In the entries that follow, find the line containing "Pročitaj više Smještajne" and the line containing "Glæd jer til", then retype exactly the lines from the first through the second, pictures excluded.

[Dataset records — start]

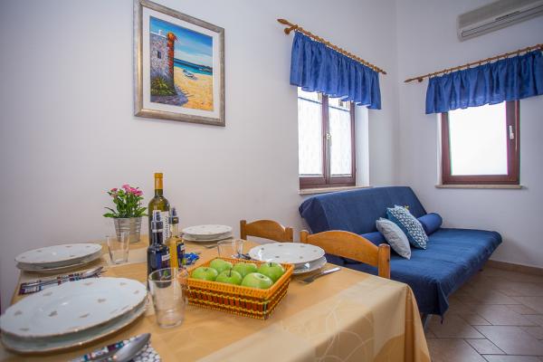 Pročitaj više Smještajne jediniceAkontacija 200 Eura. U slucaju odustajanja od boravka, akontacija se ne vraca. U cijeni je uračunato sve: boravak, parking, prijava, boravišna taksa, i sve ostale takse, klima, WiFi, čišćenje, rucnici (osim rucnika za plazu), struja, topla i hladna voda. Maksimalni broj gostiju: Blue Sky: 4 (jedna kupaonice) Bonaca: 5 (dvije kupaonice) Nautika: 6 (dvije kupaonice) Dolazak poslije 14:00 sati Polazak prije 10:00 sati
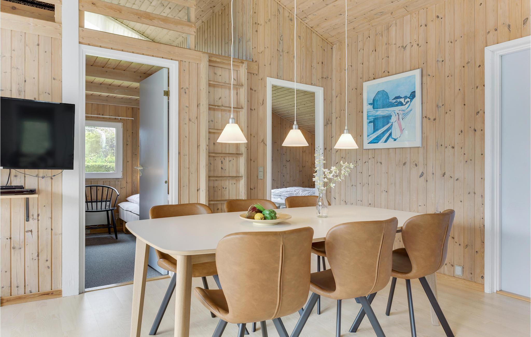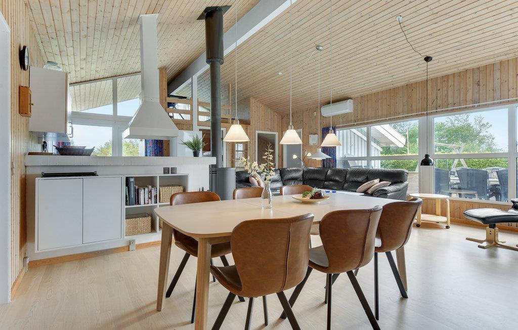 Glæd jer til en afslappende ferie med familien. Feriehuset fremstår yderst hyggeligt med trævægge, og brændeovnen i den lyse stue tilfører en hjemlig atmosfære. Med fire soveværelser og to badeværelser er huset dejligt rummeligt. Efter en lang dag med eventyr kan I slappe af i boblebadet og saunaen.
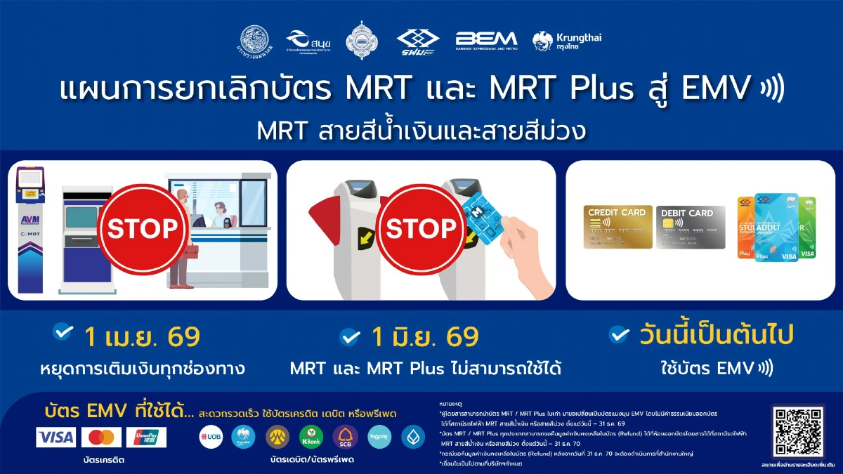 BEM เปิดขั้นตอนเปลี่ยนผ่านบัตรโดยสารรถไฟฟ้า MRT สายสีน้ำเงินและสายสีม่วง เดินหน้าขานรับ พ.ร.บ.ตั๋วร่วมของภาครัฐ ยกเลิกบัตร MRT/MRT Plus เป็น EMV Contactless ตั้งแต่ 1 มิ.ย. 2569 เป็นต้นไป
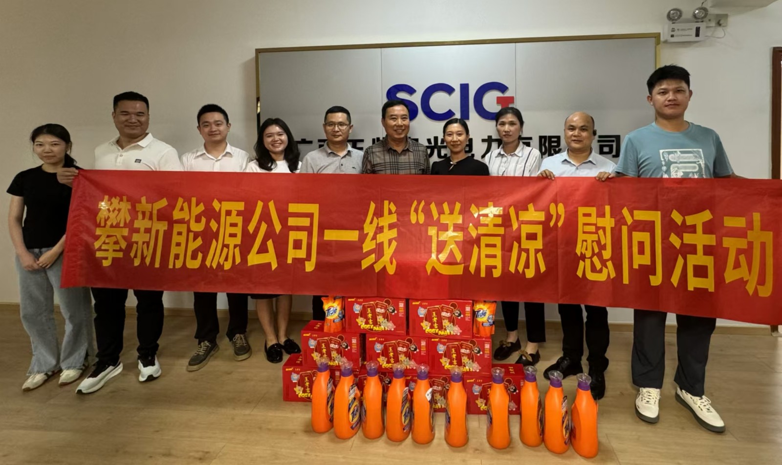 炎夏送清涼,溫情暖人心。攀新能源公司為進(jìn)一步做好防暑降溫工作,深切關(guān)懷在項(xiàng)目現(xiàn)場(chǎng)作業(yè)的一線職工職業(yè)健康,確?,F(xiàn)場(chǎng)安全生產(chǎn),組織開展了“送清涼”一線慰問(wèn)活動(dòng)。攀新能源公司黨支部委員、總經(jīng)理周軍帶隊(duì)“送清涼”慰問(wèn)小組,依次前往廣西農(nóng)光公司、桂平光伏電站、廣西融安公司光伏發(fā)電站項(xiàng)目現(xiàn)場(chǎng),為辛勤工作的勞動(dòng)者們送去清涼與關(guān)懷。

[Dataset records — finish]
[Dataset records — start]

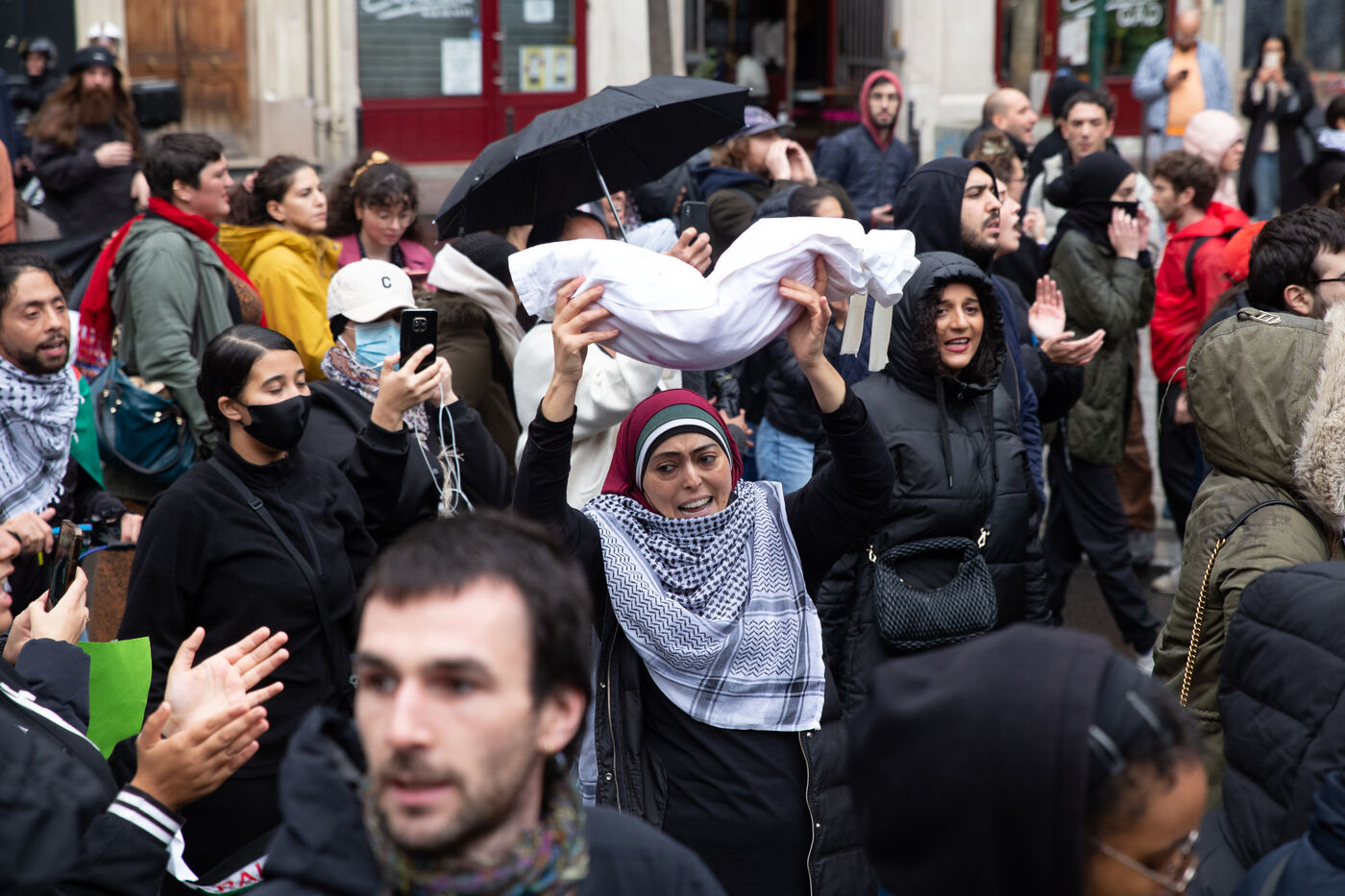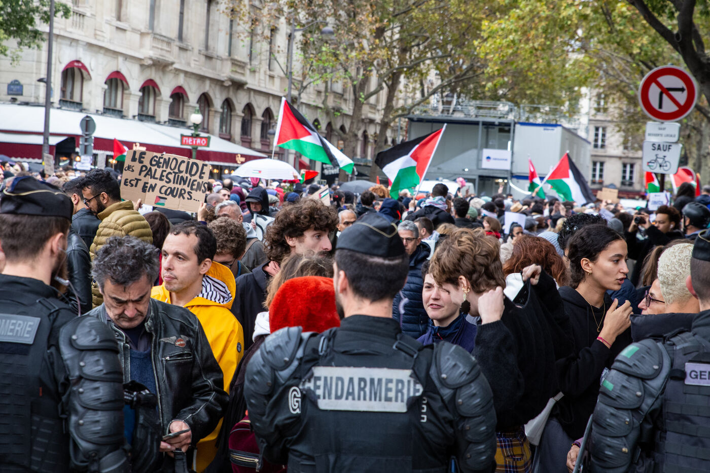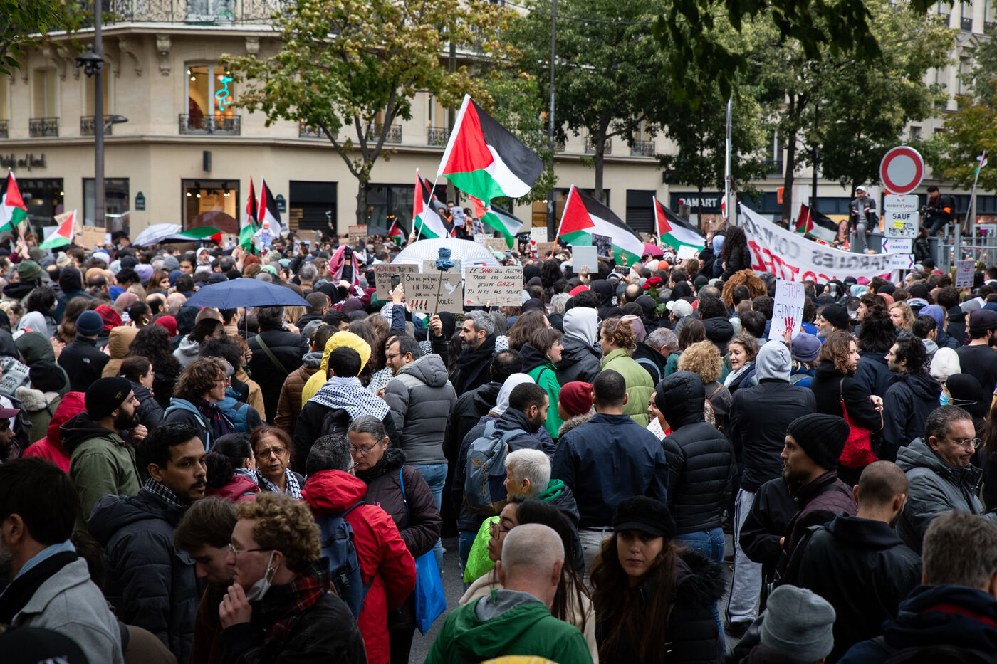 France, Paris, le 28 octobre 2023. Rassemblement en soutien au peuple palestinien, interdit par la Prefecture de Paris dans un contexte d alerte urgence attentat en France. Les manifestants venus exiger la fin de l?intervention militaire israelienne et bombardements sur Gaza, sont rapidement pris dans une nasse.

[Dataset records — finish]
[Dataset records — start]

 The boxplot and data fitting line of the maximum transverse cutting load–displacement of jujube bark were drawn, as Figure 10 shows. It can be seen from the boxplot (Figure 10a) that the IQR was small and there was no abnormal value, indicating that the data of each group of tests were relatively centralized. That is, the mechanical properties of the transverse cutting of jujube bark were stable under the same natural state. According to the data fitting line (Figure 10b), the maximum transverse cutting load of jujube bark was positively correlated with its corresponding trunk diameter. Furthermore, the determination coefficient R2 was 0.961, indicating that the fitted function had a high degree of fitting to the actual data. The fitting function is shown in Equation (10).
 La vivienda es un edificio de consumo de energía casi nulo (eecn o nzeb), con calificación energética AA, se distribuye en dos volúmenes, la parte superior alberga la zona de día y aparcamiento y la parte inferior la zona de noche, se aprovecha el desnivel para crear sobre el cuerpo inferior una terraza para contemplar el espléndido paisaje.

[Dataset records — finish]

Your solution »
 Pročitaj više Smještajne jediniceAkontacija 200 Eura. U slucaju odustajanja od boravka, akontacija se ne vraca. U cijeni je uračunato sve: boravak, parking, prijava, boravišna taksa, i sve ostale takse, klima, WiFi, čišćenje, rucnici (osim rucnika za plazu), struja, topla i hladna voda. Maksimalni broj gostiju: Blue Sky: 4 (jedna kupaonice) Bonaca: 5 (dvije kupaonice) Nautika: 6 (dvije kupaonice) Dolazak poslije 14:00 sati Polazak prije 10:00 sati
 Glæd jer til en afslappende ferie med familien. Feriehuset fremstår yderst hyggeligt med trævægge, og brændeovnen i den lyse stue tilfører en hjemlig atmosfære. Med fire soveværelser og to badeværelser er huset dejligt rummeligt. Efter en lang dag med eventyr kan I slappe af i boblebadet og saunaen.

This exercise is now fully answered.